*** Provided material ***

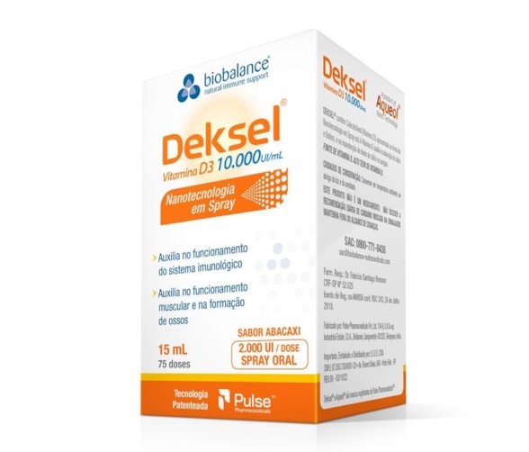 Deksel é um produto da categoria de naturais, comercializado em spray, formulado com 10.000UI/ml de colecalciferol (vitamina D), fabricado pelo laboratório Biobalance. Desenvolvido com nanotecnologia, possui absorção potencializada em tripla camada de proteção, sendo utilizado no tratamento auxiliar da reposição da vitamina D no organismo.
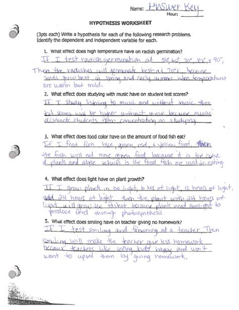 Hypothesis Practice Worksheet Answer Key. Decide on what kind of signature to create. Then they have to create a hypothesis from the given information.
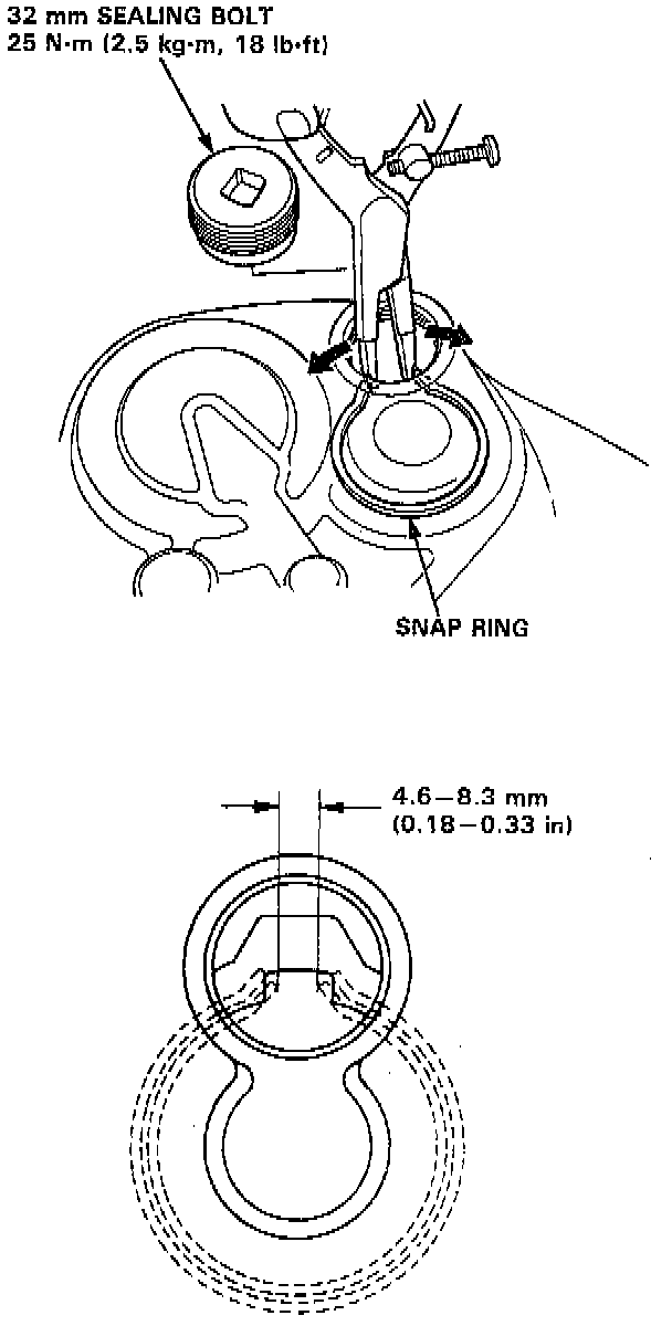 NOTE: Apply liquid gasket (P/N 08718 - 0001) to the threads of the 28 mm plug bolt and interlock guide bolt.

*** End of Provided material ***

Problem — Return, exactly and without extra lines, everything from the line with "Hypothesis Practice Worksheet" through the last line of the material above, both included. Pictures must be dropped.

Result —
 Hypothesis Practice Worksheet Answer Key. Decide on what kind of signature to create. Then they have to create a hypothesis from the given information.
 NOTE: Apply liquid gasket (P/N 08718 - 0001) to the threads of the 28 mm plug bolt and interlock guide bolt.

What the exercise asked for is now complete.